Source of article The Advantage Blog - Tsongas Litigation Consulting.

I was a member of the graduate student admissions committee at the UW Communication Department, and we were meeting to rate and rank applications. There is no need to go into all the details, but as we were moving around the applicant “cards,” with their names and summaries of the qualities – stacking, ordering, and reordering – the process was moving pretty fast. I called for a halt, trying to assess the latest moves that were made. I was uncomfortable with it, but was trying to understand why. The Chair grew impatient and said “you have to give me an argument…” My retort was simple, if impolitic. I said “I don’t have to do sh**,” a comment met with chuckles by the other members of the committee, with except of the chairman.

I could feel the disinclination to support his positions and point of view. I was less interested in agreeing with him. We all continued to have a discussion and arrived at a unanimous agreement on the eventual order, but he had lost any motivation to advocate for himself or his position. He had lost an ally in his efforts to support a candidate who would support his research.

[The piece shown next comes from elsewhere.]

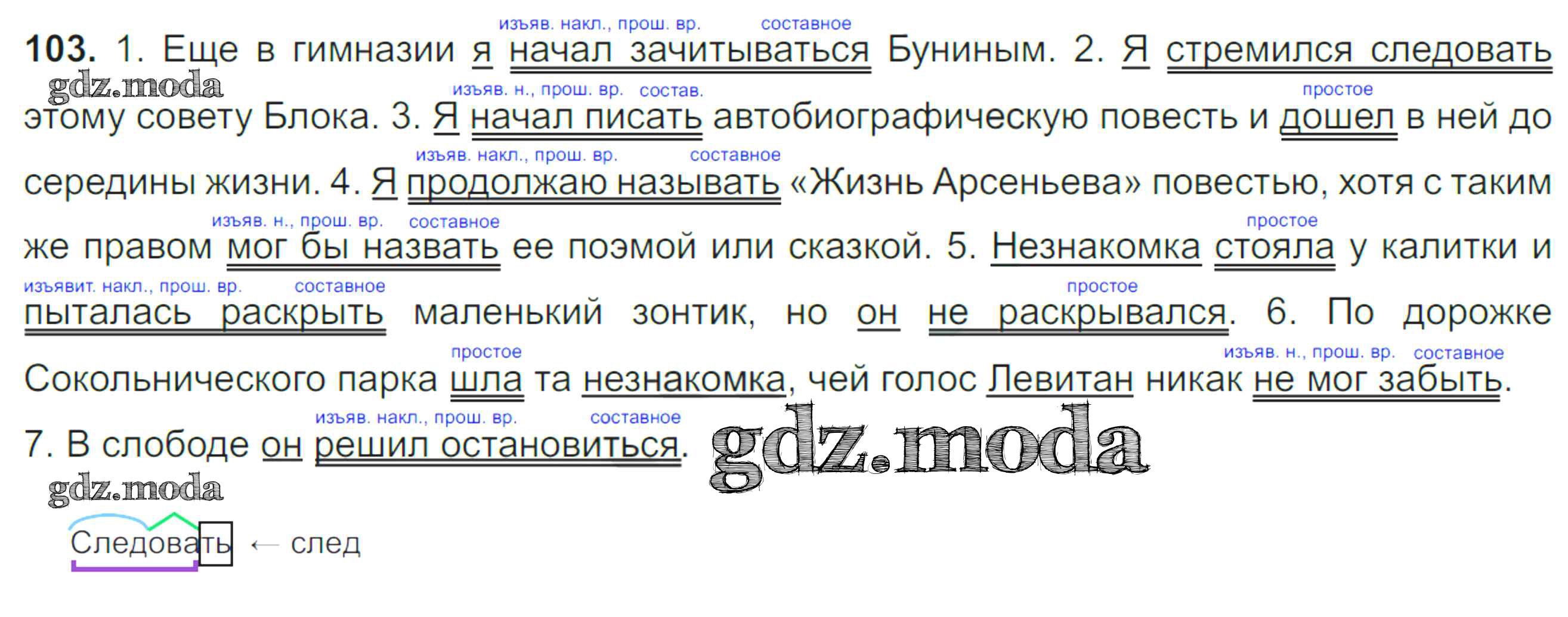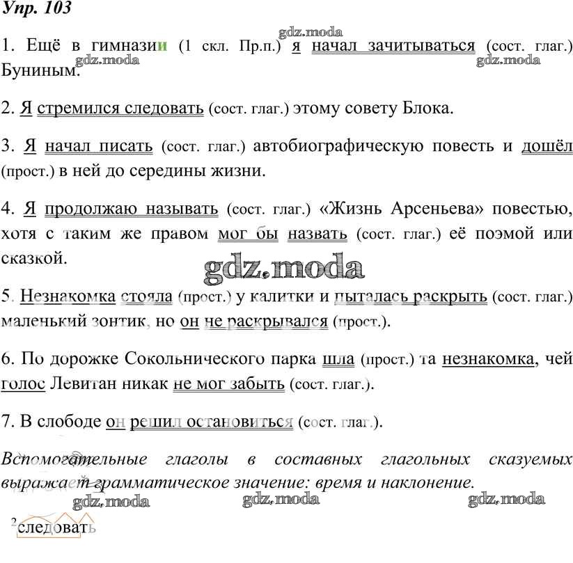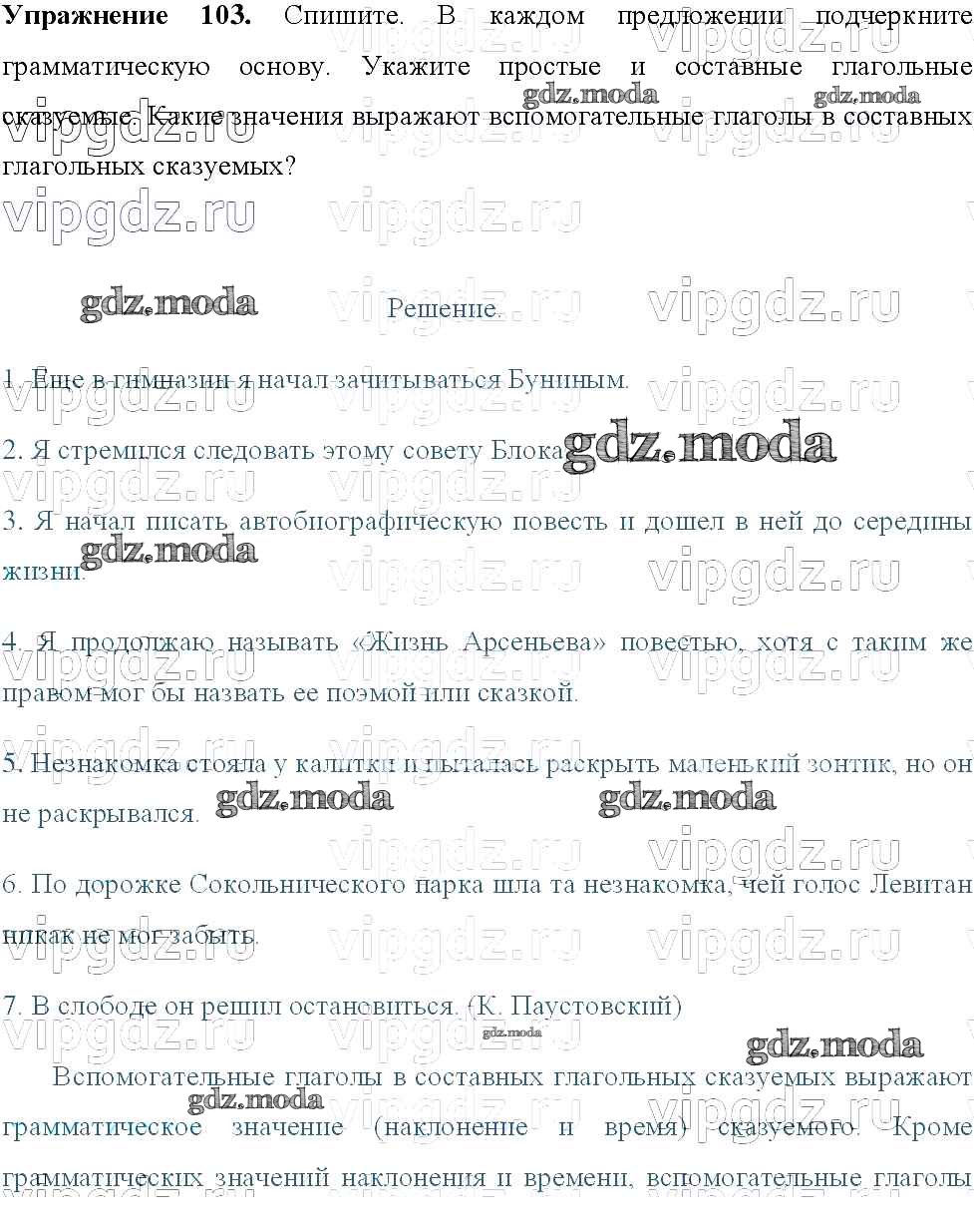 ОТВЕТ на задание № 103 Учебник по Русскому языку 8 класс Тростенцова

When pushed about what we must do, shouldn’t do, or cannot do, people react. So stop telling the judge what they cannot do in a decision. I have observed this both in court and in a hearing where I was taking part: the opposing counsel told the judge forcefully and without quarter that she could not decide in any other way but his. My eyebrows rose because, although I am not a lawyer, I was a former professor of communication and persuasion. My internal thought was, “Whoops. That was a mistake.” Why? Well, let’s take a quick and simple look at why.

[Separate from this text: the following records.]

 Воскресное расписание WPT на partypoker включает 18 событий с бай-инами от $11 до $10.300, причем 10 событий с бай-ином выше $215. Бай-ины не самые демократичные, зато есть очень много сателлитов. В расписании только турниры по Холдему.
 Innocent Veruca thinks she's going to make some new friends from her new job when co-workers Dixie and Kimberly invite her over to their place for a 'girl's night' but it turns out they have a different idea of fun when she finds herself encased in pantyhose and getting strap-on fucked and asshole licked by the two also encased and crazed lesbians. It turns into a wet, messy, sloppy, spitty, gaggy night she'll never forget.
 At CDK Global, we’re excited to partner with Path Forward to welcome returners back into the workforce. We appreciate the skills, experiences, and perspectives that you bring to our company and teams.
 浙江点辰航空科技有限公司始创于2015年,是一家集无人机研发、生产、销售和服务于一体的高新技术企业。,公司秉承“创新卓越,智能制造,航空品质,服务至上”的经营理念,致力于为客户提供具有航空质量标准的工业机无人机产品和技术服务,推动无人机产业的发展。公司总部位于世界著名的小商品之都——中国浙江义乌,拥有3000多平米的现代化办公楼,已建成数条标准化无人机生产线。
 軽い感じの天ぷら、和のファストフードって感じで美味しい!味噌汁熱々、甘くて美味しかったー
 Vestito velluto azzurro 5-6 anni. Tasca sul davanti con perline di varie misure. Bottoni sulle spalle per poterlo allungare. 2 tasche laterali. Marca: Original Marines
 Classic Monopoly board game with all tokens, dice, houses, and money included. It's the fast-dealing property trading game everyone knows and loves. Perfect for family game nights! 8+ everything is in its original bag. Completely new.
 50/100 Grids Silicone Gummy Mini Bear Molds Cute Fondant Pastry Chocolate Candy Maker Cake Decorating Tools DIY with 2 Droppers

There is a body of social science work in the psychological reactance framework, a body of work that focuses on the resistance to persuasion. This area of persuasion research notes the inherent human desire for autonomy, freedom, and independence. When there is a perceived threat to such intrinsic desires, the motivation to resist the message increases. This motivational resistance is enhanced when particularly forceful, intense, and absolute demands (restrictions of freedom of choice) are employed.

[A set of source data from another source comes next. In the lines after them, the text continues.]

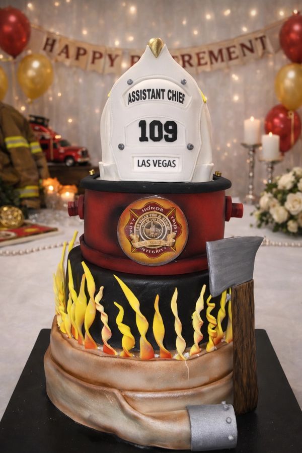 yellow Cake with fire chief helmet and badge o
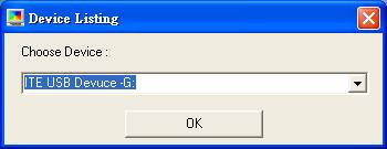 When user run the ScreenLock (Without ITE USB Mass Storage Device into USB port), The program will take the first ITE USB Mass Storage Device inserted into USB port as a key. But if there are two same ITE USB Mass Storage Device inserted into USB port (ScreenLock isn¡¦t running), a windows, ScreenLock where users can choose one ITE USB Mass Storage Device as a key will appear.
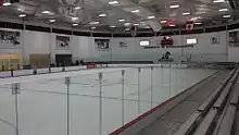 The Minutewomen got a new head coach in 2012–13 when Bill Wright took over for Chris Cobb, who had taken a coaching job in NCAA Division III with Williams College.[11] Wright inherited a strong team that already included the aforementioned stars, along with key freshmen Ally Perdios and Jess Greenwood, and Penn State transfer Paige Harrington. By the end of the regular season, were ranked second only to Liberty. That bit of history was made possible by another: UMass' first-ever ECWHL tournament title, thanks to a 2–1 title game win over defending ACHA national champion Northeastern.[12] An impressive journey at the ACHA National Tournament in Ashburn, Virginia followed, with an opening 3–2 win over 2011 national champ Michigan State, as second-period goals from Oteri, Labossiere and Chelsea Bräm turned around an early 2–0 deficit.[13] Although Northeastern took an ECWHL final rematch in the day one nightcap (the first day of the tournament involved two pool games played by each team at the time),[14] two more Oteri goals delivered a vital 2–1 victory over Robert Morris (IL)[15] that, along with tiebreaker help, sent UMass through to the semifinals for the third time in program history. Once there, however, eventual champ Minnesota jumped on the Minutemen for three goals in the first ten minutes of the contest en route to a 5–1 result.[16]
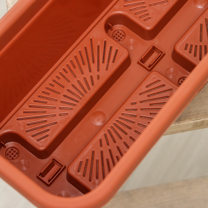 - Умная дренажная система: ящик оборудован дренажными отверстиями и съёмным поддоном, что предотвращает переувлажнение почвы. Вода после полива останется в поддоне, не загрязняя балкон. Это поддерживает здоровье растений и защищает ваш пол.
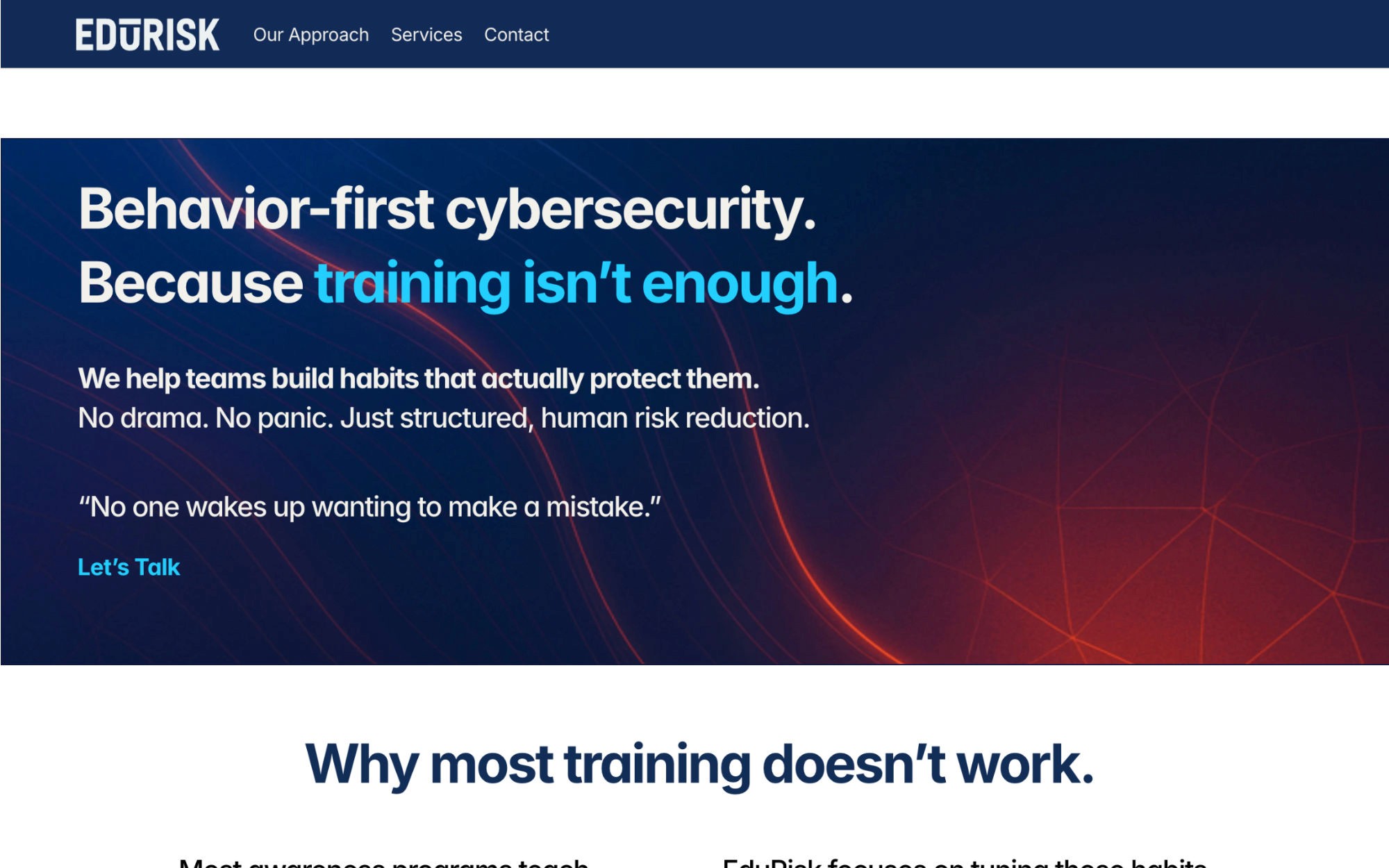Behavior-first communication framework for a cybersecurity consultancy, focused on translating risk into understanding. Most cybersecurity failures are behavioral, not technical.

As a student of trial persuasion, often I have witnessed litigators telling the judge the law they must follow; that they have literally NO freedom to decide in any other manner; that they are powerless to find in any way contrary to that articulated in their advocacy. Perhaps such a strategy could be geared to a judge’s insecurity that their decision could be overturned in appeal. In my observational experience, most judges are confident in themselves. So, while there may be some institutional or procedural framework inherent in the legal system that could exert influence on a judge’s decision, a judge (dare I say it) is first and foremost a human, with psychological and emotional dispositions that will influence their decision-making process.

So, take care when you direct a judge. Don’t give them a human psychological motivation to find a way to prove you wrong – to show you, in essence, that there is a reasoned way to find against you.

The same argument, in essence, can be made, but with rhetorical sensitivity, acumen, and dexterity. Advance an argument that writes their decision for them; give them the roadmap; help them understand not what they must do, but what you hope they will arrive at based on the force of your logic, application/interpretation of the legal standards, and the particulars of the evidence. In short, be persuasive, not directive.

And consider the Italian diplomat who opined that, “Diplomacy is the art of letting someone else have your way.”